UNITY — Two women who unsuccessfully appealed the relocation of a Dunkin’ franchise in downtown Unity have said they do not plan to bring the matter to court.

Attorney Peter Drum confirmed in an email to the Morning Sentinel Tuesday afternoon that his clients, Kristin Mozes and Elizabeth Dyer, chose not to pursue a case regarding the Unity Planning Board of Appeals’ unanimous decision three weeks ago to deny the appeal.

When contacted by the Morning Sentinel for a comment, Mozes provided a lengthy email statement, saying in part, “the town of Unity was far more interested in catering to the Dunkin’ than it was in preserving the laws passed by its own citizens.”

Mozes described experiencing “a series of harassments” from town officials and their friends.
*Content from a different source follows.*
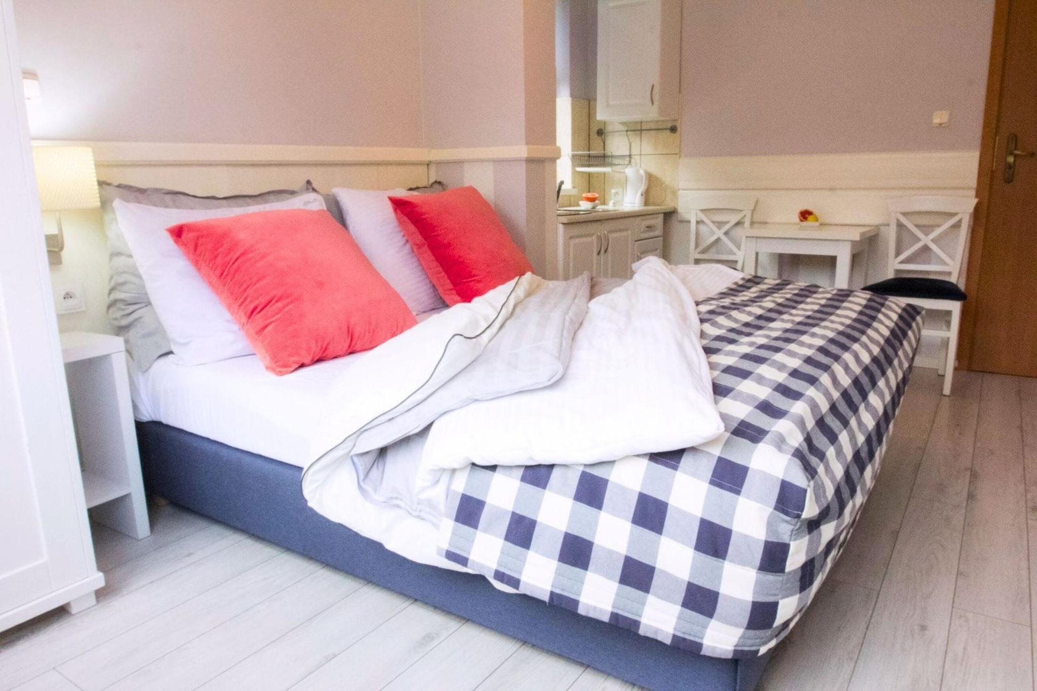 Das Doppelapartment befindet sich in einer komfortablen Villa in der Nähe des Nationalparks Wolin, 10 Minuten vom Strand und 250 m vom Stadtzentrum entfernt. Die Wohnung befindet sich im Erdgeschoss. Es verfügt über einen separaten Eingang von außen. Miedzyzdroje ist ein Ferienort mit einzigartiger Atmosphäre, der bei Touristen, die ihren Urlaub am Meer verbringen, sehr beliebt ist und oft sogar als Sommerhauptstadt Westpommerns bezeichnet wird. Die Stadt liegt zwischen der Klippenküste und dem Wolin-Nationalpark. Von hier aus können Besucher die wunderschöne Landschaft und wilde Vegetation bewundern, den Türkissee, das Bisonreservat und das Naturmuseum besuchen. Der Ruhm von Miedzyzdroje wird durch die häufigen Besuche der größten Stars des polnischen Kinos noch verstärkt. Jedes Jahr finden hier Chor- und Filmfestivals statt.

She referenced instances on social media and other electronic communications as well as “blatantly false accusations” made about her family which resulted in notices banning engagement with the town office and charges.

“It is because of these disturbing tactics that my family has decided to end our appeal now and move on to a friendlier town. Unity has shown us that because we disagreed with the decision to build a Dunkin’ next to our home, we are no longer welcome,” Mozes said. “I no longer feel safe walking down the street, engaging with the public, or raising my children here. The Dunkin’ being built has little to do with our decision to end the appeal and to move elsewhere. We loved this home, and we were preparing to purchase it when all of this started. I am glad that we were able to see the true colors of those who run Unity before that plan became permanent.”

The Waldo County Sheriff’s Department confirmed law enforcement harassment notices had been issued against Mozes and her husband, Steven Mozes, by the town of Unity.

Unity Board of Selectmen Chair Penny Picard Sampson, whom Mozes accused of calling the police on her, said she called the police on Steven Mozes on Oct. 14.

The Unity Planning Board of Appeals took 3 minutes to vote unanimously on Nov. 16, 2020, to send an appeal against siting a Dunkin’ store in downtown Unity back to the Planning Board. The meeting took place at the Unity Community Center. Rich Abrahamson/Morning Sentinel file Buy this Photo

Town Clerk Kari Hunt was preparing for the Nov. 3, 2020, election when the Mozeses brought in a handful of Freedom of Access Act requests. That Monday was the Indigenous Peoples holiday. Sampson said she and Hunt worked for two hours on Tuesday to get the information.

Steven Mozes came in on Wednesday to go over the paperwork, Sampson said. Hunt was looking for clarification on the “unratified ordinances.” Sampson said Mozes was “belligerent” in his actions.

When Steven Mozes came in on Wednesday, not all of the information requested, such as unratified ordinances used by the Board of Selectmen, was available.

“We can’t give them something that doesn’t exist,” Sampson said.

“I had enough of Steve at that point, so I dialed the nonemergency number to the sheriff’s department,” Sampson said. Mozes recorded the incident on his phone, Sampson said.

“That was the only time I’ve ever called the police on them, because he was being disorderly in the office,” Sampson said.

The no-contact order was implemented on the advice of town attorney Kristin Collins.

“I haven’t called the police multiple times,” Sampson said. “Well, multiple if it’s two.”

Sampson said Kristin Mozes filed a formal complaint with the Maine Attorney General the day after the final request was sent.

Unity’s current Dunkin’ location is housed at the Depot Country Store on Depot Road. The proposed plan gives Dunkin’ a 2,064-square-foot standalone location at 170 Main St. with a two-lane drive-thru and 18 parking spots.

Mozes, a resident of Vickery Lane, and Dyer, her landlord, originally appealed over their belief that the proposal violated the town’s land-use ordinance. The entrance to the Dunkin’ is off Vickery Lane, where Dyer’s property is a direct abutter.

After the matter was remanded to the Planning Board by the Planning Board of Appeals Nov. 16, a finding of fact conducted by the Unity Planning Board found the project met all requirements and permitting laws. The Planning Board of Appeals then approved those findings.

The Dunkin’ franchisee, Colleen Bailey, a Norridgewock resident, owns nine franchises with her husband, Ed. Bailey anticipates breaking ground in the spring. They have to tear down the building on the land before putting up the new one. She said the goal of the franchise is to give back to the community, not take away from it.

“Of course I’m excited about the fact that we can continue to pursue it, and I know the town is excited to have us,” Bailey said. “We’re going to continue as planned and make sure Dunkin’ can keep people running in Unity.”

The current Unity Dunkin’ employs 10, and Bailey anticipates doubling the staff. Bailey has approval from Dunkin’ to fit the design of the store to the town’s land-use ordinance. They were not losing their lease, but opted for the standalone building to have their own space and control of their hours.

“It’s going to be more expensive, but hopefully more business and an asset to the community,” Bailey said. “We’ll have more control over our business.”